Ember telepatik bağlantıyı kullanarak sordu.
"Gücümü bu kadar erken ortaya çıkaracağımı düşünmemiştim. Hepinizi şaşırtmak için birkaç şey daha hazırlamak istiyordum."
Nux hafifçe gülümsedi.
"Onunla mücadele edecek misin?"
Amaya kaşlarını çattı.
Nux 8 Yıldız Canavarı yenebilirdi, evet, ancak vampirler farklıydı.
Onun bir Bilge değil, Büyük Bilge Kültivatörü olduğunu bir kenara bırakırsak, sadece bir Vampir olması bile dikkatli olmaları gerektiğini gösteriyordu.

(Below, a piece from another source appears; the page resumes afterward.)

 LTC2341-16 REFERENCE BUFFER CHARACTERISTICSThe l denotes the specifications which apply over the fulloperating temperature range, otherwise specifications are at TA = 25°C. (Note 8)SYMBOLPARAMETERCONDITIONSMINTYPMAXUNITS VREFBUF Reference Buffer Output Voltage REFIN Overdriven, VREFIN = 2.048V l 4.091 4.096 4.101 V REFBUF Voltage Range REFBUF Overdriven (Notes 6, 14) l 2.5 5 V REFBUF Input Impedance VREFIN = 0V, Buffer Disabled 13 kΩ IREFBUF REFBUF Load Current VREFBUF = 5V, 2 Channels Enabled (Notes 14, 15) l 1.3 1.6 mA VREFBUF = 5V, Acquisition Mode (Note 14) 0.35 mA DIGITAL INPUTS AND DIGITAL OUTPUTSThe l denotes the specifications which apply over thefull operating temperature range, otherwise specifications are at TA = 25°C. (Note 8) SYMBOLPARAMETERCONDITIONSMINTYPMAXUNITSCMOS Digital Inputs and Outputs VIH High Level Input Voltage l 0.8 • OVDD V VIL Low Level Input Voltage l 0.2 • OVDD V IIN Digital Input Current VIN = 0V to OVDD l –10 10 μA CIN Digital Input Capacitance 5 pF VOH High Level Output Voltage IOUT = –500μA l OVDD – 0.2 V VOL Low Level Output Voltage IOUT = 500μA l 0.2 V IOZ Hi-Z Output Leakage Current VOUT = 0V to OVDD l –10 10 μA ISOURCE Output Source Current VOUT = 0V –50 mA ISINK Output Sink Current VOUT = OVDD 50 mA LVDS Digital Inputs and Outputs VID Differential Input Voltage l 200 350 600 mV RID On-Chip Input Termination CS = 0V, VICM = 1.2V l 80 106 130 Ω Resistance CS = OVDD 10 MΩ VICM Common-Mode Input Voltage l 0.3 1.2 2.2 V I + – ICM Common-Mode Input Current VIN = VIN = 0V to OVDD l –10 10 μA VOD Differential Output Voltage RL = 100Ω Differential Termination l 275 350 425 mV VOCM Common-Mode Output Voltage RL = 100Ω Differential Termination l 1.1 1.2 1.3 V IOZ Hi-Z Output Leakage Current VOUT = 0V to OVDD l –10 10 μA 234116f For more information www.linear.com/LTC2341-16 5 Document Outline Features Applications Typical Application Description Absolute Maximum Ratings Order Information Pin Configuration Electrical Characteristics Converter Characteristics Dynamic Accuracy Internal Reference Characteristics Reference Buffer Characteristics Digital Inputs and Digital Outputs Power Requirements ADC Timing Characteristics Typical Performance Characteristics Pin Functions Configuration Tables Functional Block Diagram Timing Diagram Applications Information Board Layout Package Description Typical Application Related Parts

Vampirler, onları zorlu rakipler yapan sayısız yeteneğe sahiptir, birkaç taktikle yenilebilecek basit zihinli canavarlar değildirler.
"Biraz fazla pervasız davranmıyor musun?"
Thyra konuştu.
"Katılıyorum, bunu kabul etmek için hiçbir nedenimiz yok. Geri dönebiliriz ve onun sözünü tutacağına inanıyorum."
Felberta da konuştu.
"Sözünü tutacağını biliyorum, meydan okumayı reddediyoruz, krallıktan uygun bir saygıyla eşlik edilecek. Ancak,
Bunu gerçekten kaçırmak istiyor musun?"
Nux karşılık verdi.
"Bir Zirve Büyük Bilge Vampir, üstelik asil bir Vampir. Kendisinden çok daha yüksek hedefleri olan ve bu hedefleri gerçekten ciddiye alan biri, klanımıza onun gibi birini katma şansımız var.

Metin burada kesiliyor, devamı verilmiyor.